Saved entries
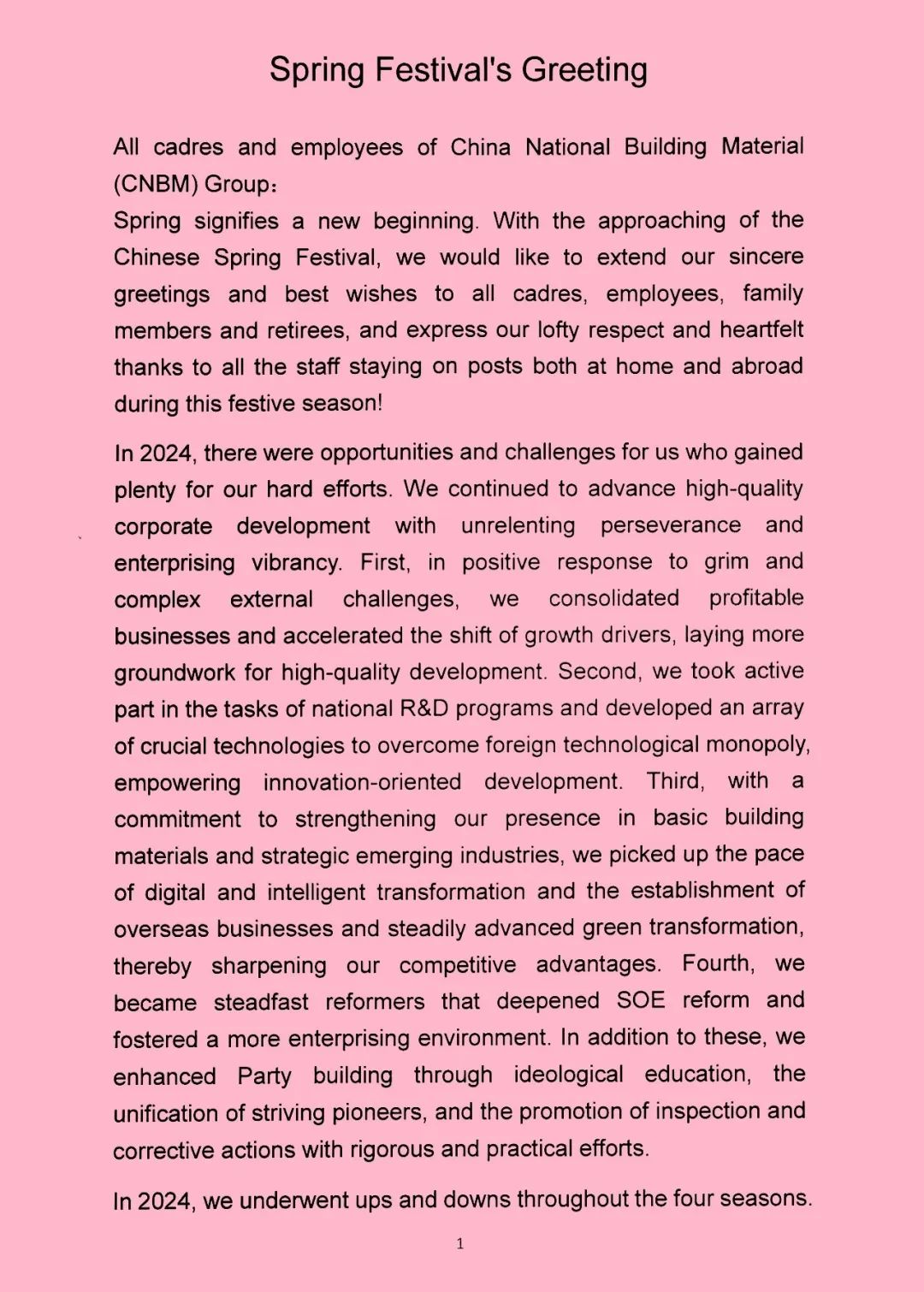 展望2025,岁序易,华章新。我们将迎来“十四五”规划收官和“十五五”谋篇布局的崭新一年,让我们继续秉承“材料创造美好世界”的企业使命,以奋斗者的姿态、创业者的激情、创新者的情怀,用坚定前行的脚步,跨越寒冬,共赴春暖花开!让我们围绕非金属材料制造及相关资本投资主业,拓增量、优存量、抓变量、强质量,不断增强核心功能、提升核心竞争力,以加快建设世界一流材料产业投资集团的发展新业绩,为推进中国式现代化作出更大贡献!
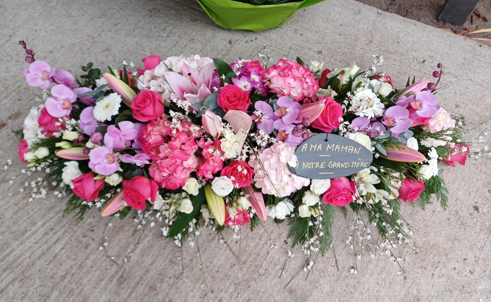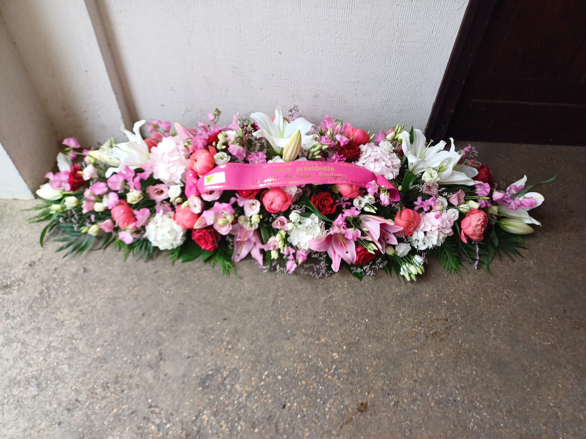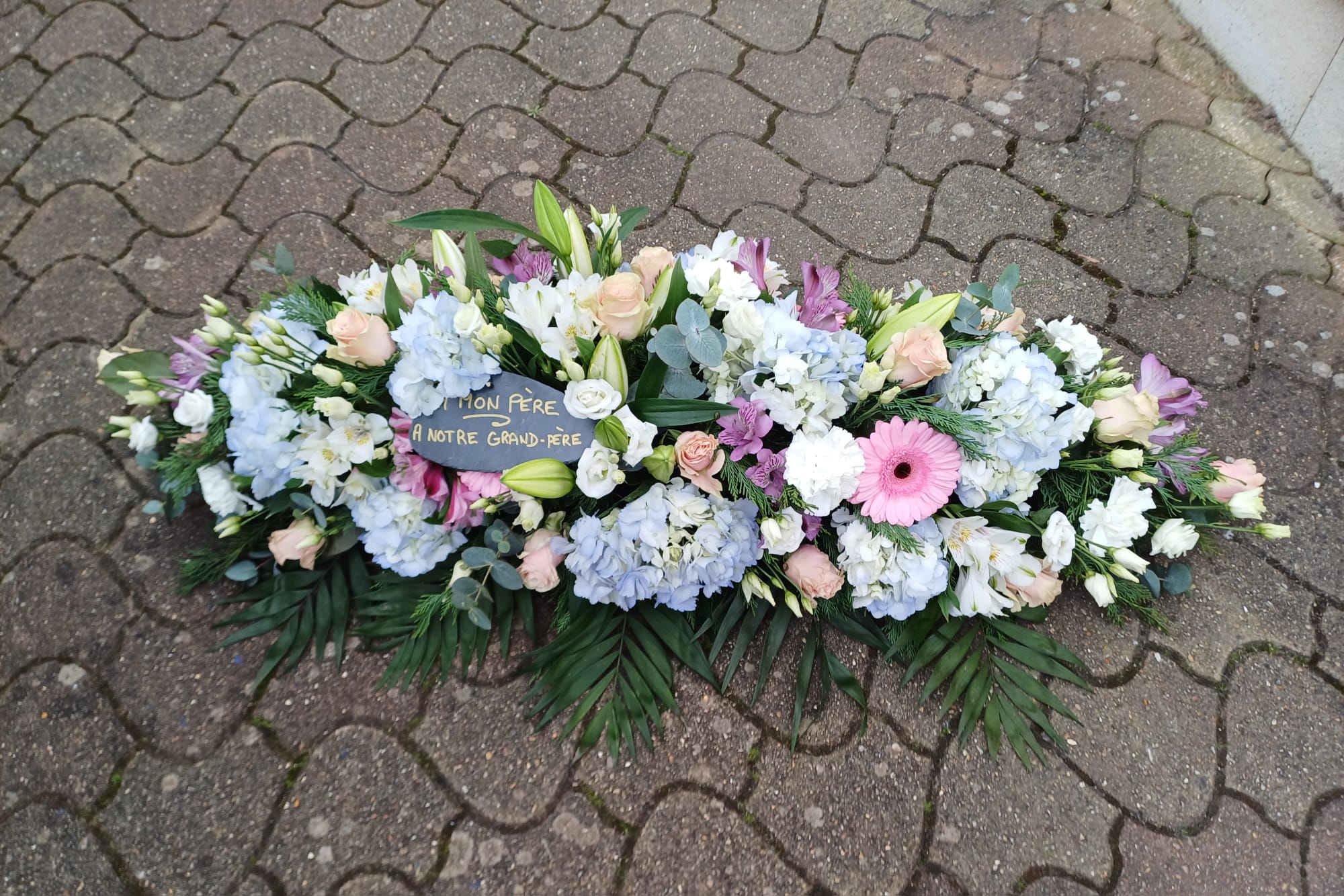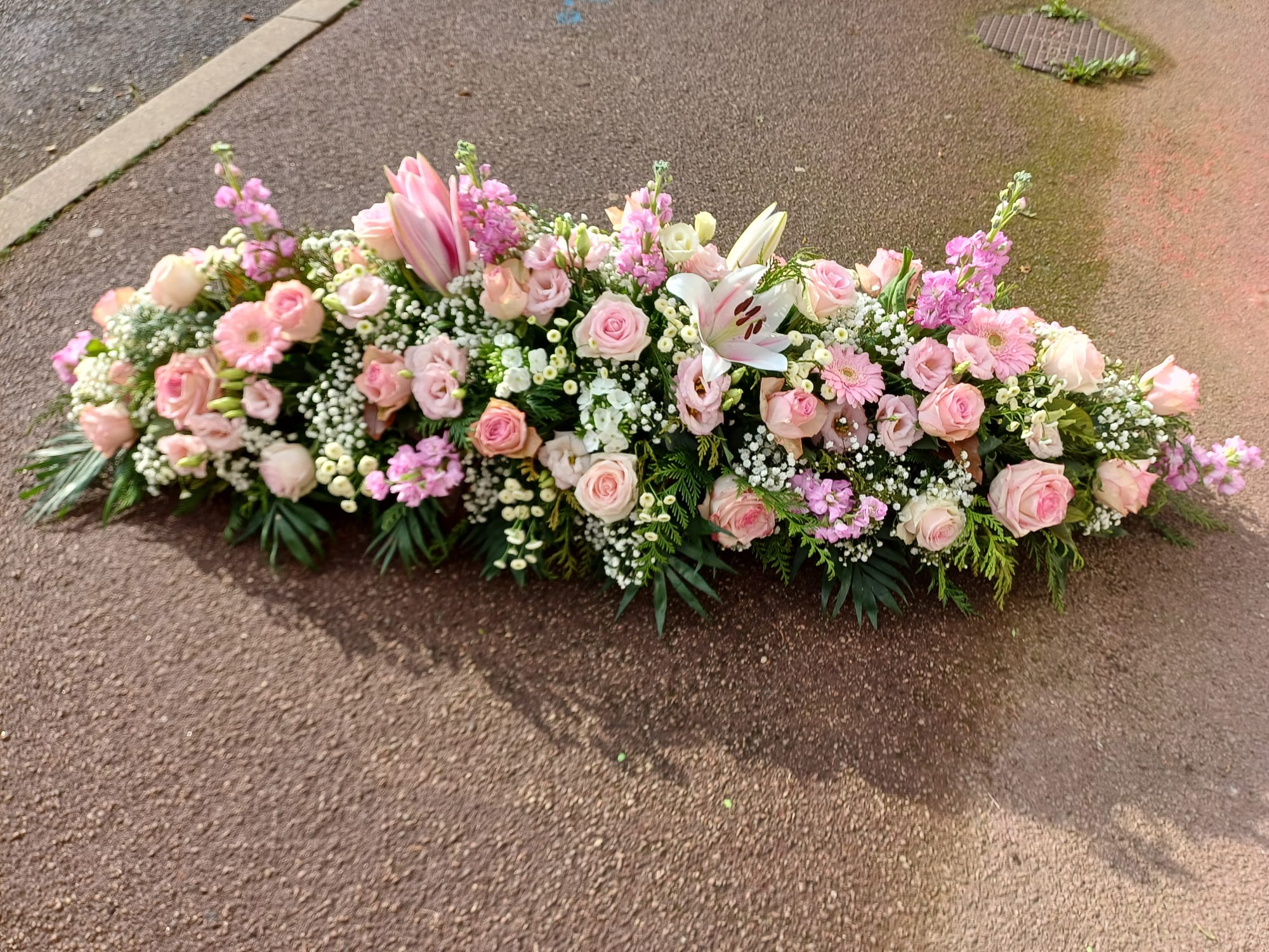Cette pièce est la principale . Elle sera sur le cercueil. Il pourra être faite avec toutes les fleurs de saison et dans les couleurs de votre choix.
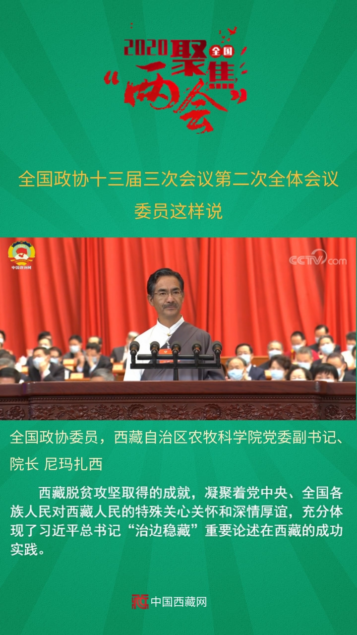 全國政協(xié)委員,西藏自治區(qū)農(nóng)牧科學院黨委副書記、院長尼瑪扎西發(fā)言說,西藏脫貧攻堅取得的成就,凝聚著黨中央、全國各族人民對西藏人民的特殊關(guān)心關(guān)懷和深情厚誼,充分體現(xiàn)了習近平總書記“治邊穩(wěn)藏”重要論述在西藏的成功實踐。
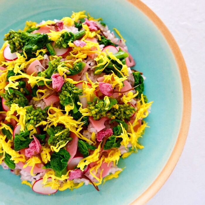 お花見ちらし寿司弁当 桜と菜の花のちらし寿司、菜の花シュウマイ、桜のゼリービオクラ ヴィーガンレシピサイト。
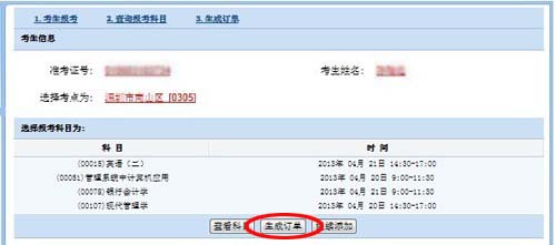 8、在“生成訂單”中選擇要付費的考生科目,生成付費訂單。
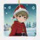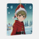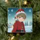 Cute adorable little elf sitting outside on a winter day. personalised Christmas ornament for a boy.
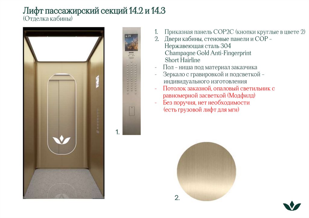 1. Лифтовые кабины и оконечные устройства для жк Bellini
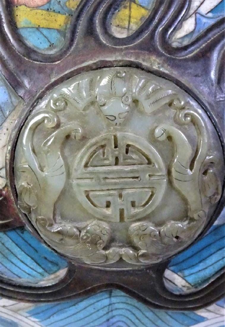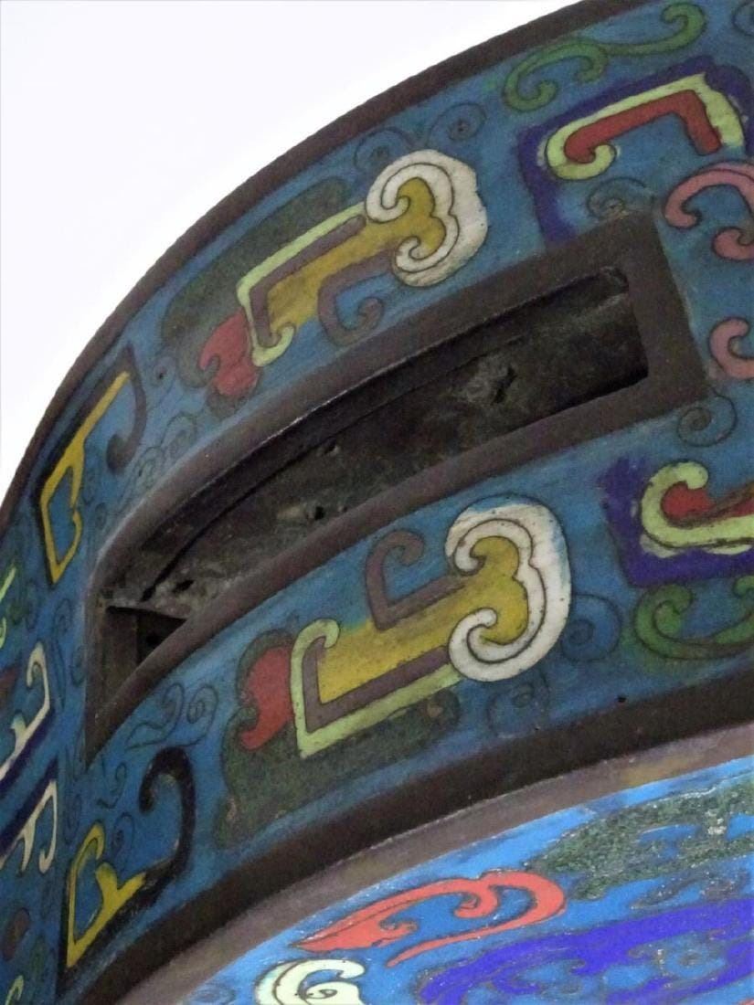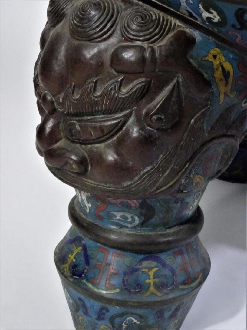 Height: 4 ft. Diameter: 3 1/4 ft. Depicting a dragon amidst waves chasing a flaming pearl with foo dog legs.
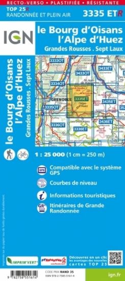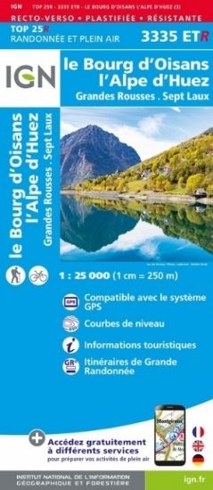 L'indispensable carte de randonnée IGN 3335ETR résistante aux alentours de Le Bourg-d'Oisans - l'Alpe d'Huez - Grandes Rousses - Sept Laux. A conserver dans son sac à dos
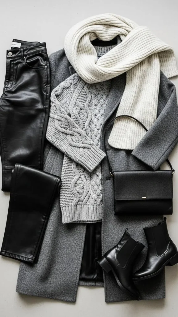 The contrast between soft, structured, and smooth textures makes the outfit feel intentional.
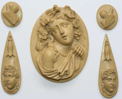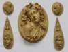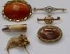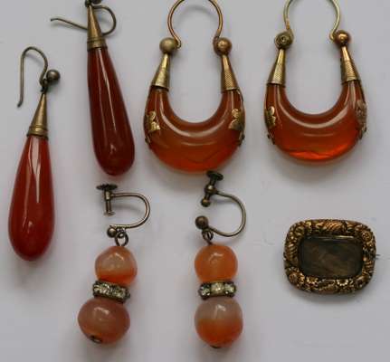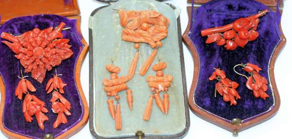 three Victorian coral demi-parures, comprising brooch and ear drops; a group of unmounted lava cameos to make a brooch and a pair of ear drops; a group of gem set and regimental brooches; ivory beads; various agate ear drops etc
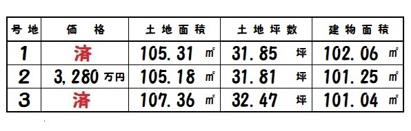 | 大和郡山市北郡山 | 105.18㎡~/31.81坪~ | 3 | 101.04㎡~ | R8.2完成予定 | 3,280万円 |
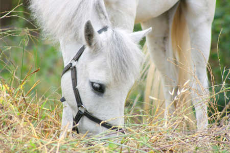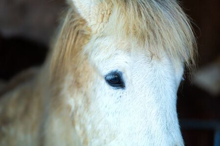 Portrait of beautiful white cute horse. Cutest white horse portrait, lovely face
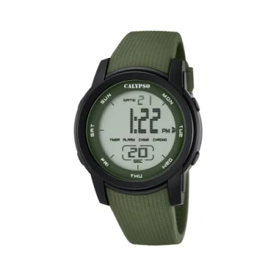 Calypso Unisex Digital Watch with LCD Dial Display and Green Plastic Strap K5698/4, Lcd/Green,
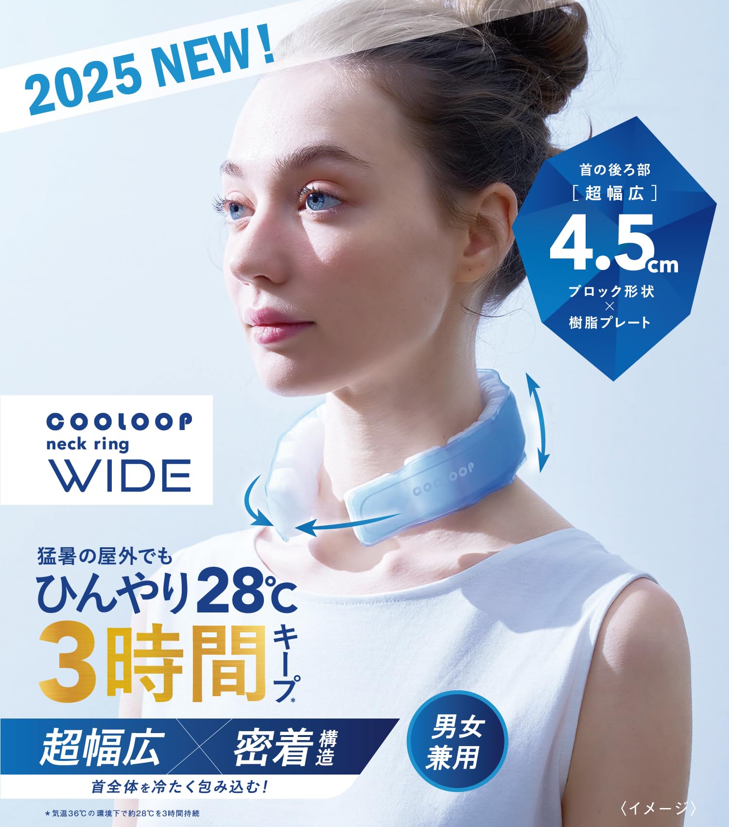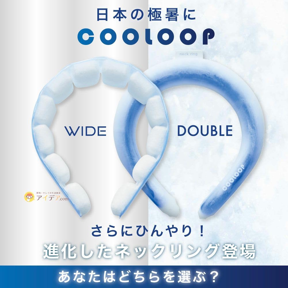 「COOLOOP」ネックリングに、ワイドタイプが新登場!首の接触面がワイドになり、首全体を包み込んで、より冷たさを感じられます。
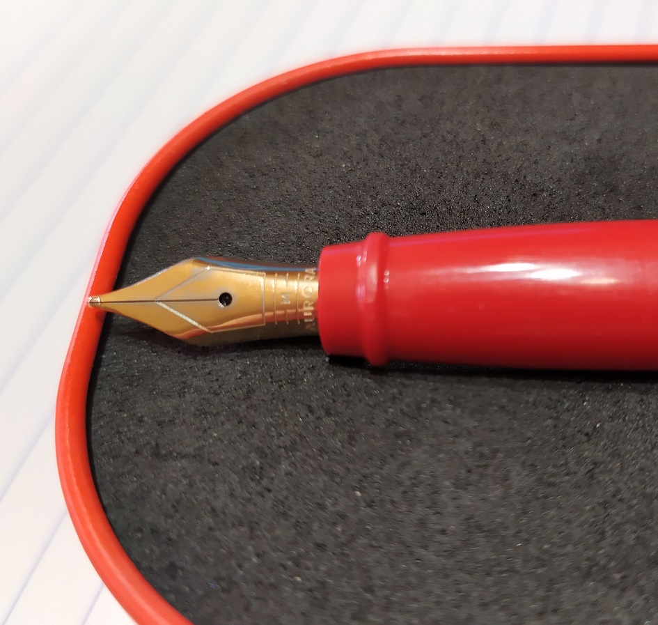Completamente in plastica (resina ?), clip in metallo e pennino M, ora carica con cartuccia Aurora black.
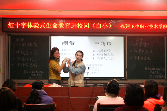 此次活動是管理系黨總支與閩侯縣白沙中心小學結對共建簽約儀式后,針對白沙中心小學百名骨干教師開展的急救技能培訓,有力地推進了鄉村少年宮師資隊伍建設,更加有效地落實教師自護自救知識對青少年成長教育的促進作用。
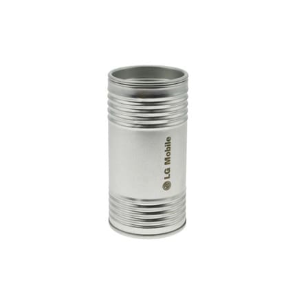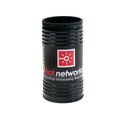 Bedrukking: full colour label om de romp van het blikje, tussen de ribbels.
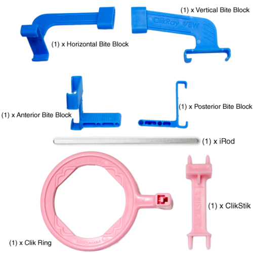 Includes ClikStik™ holder, ring, rod and assorted Bite Blocks
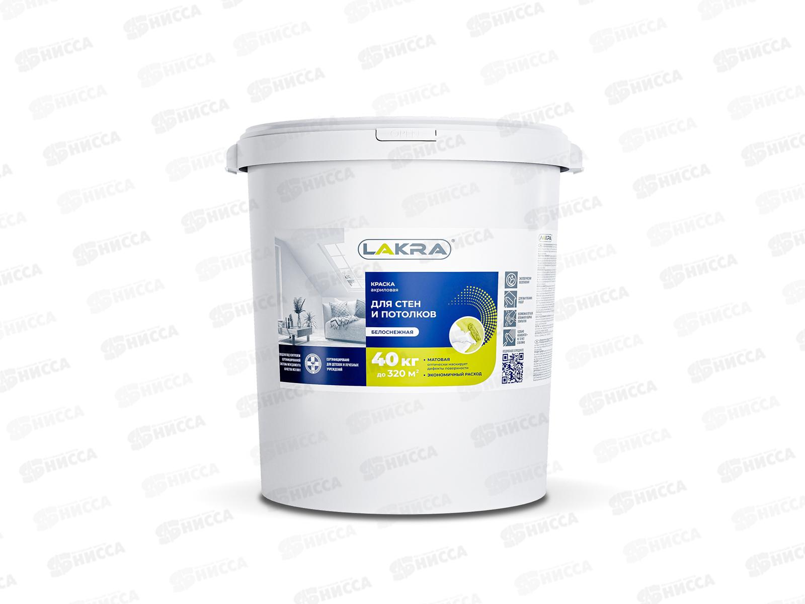 Код:447139; Краска акриловая для стен и потолков Лакра белоснежная 40кг, 8306523 *12

• PROBLEM STATEMENT
Take the entries above and copy exactly the lines starting at the one with "Height: 4 ft." and ending at the one with "此次活動是管理系黨總支與閩侯"; nothing outside that span, and no pictures.

• SOLUTION FOR THIS PROBLEM
 Height: 4 ft. Diameter: 3 1/4 ft. Depicting a dragon amidst waves chasing a flaming pearl with foo dog legs.
 L'indispensable carte de randonnée IGN 3335ETR résistante aux alentours de Le Bourg-d'Oisans - l'Alpe d'Huez - Grandes Rousses - Sept Laux. A conserver dans son sac à dos
 The contrast between soft, structured, and smooth textures makes the outfit feel intentional.
 three Victorian coral demi-parures, comprising brooch and ear drops; a group of unmounted lava cameos to make a brooch and a pair of ear drops; a group of gem set and regimental brooches; ivory beads; various agate ear drops etc
 | 大和郡山市北郡山 | 105.18㎡~/31.81坪~ | 3 | 101.04㎡~ | R8.2完成予定 | 3,280万円 |
 Portrait of beautiful white cute horse. Cutest white horse portrait, lovely face
 Calypso Unisex Digital Watch with LCD Dial Display and Green Plastic Strap K5698/4, Lcd/Green,
 「COOLOOP」ネックリングに、ワイドタイプが新登場!首の接触面がワイドになり、首全体を包み込んで、より冷たさを感じられます。
Completamente in plastica (resina ?), clip in metallo e pennino M, ora carica con cartuccia Aurora black.
 此次活動是管理系黨總支與閩侯縣白沙中心小學結對共建簽約儀式后,針對白沙中心小學百名骨干教師開展的急救技能培訓,有力地推進了鄉村少年宮師資隊伍建設,更加有效地落實教師自護自救知識對青少年成長教育的促進作用。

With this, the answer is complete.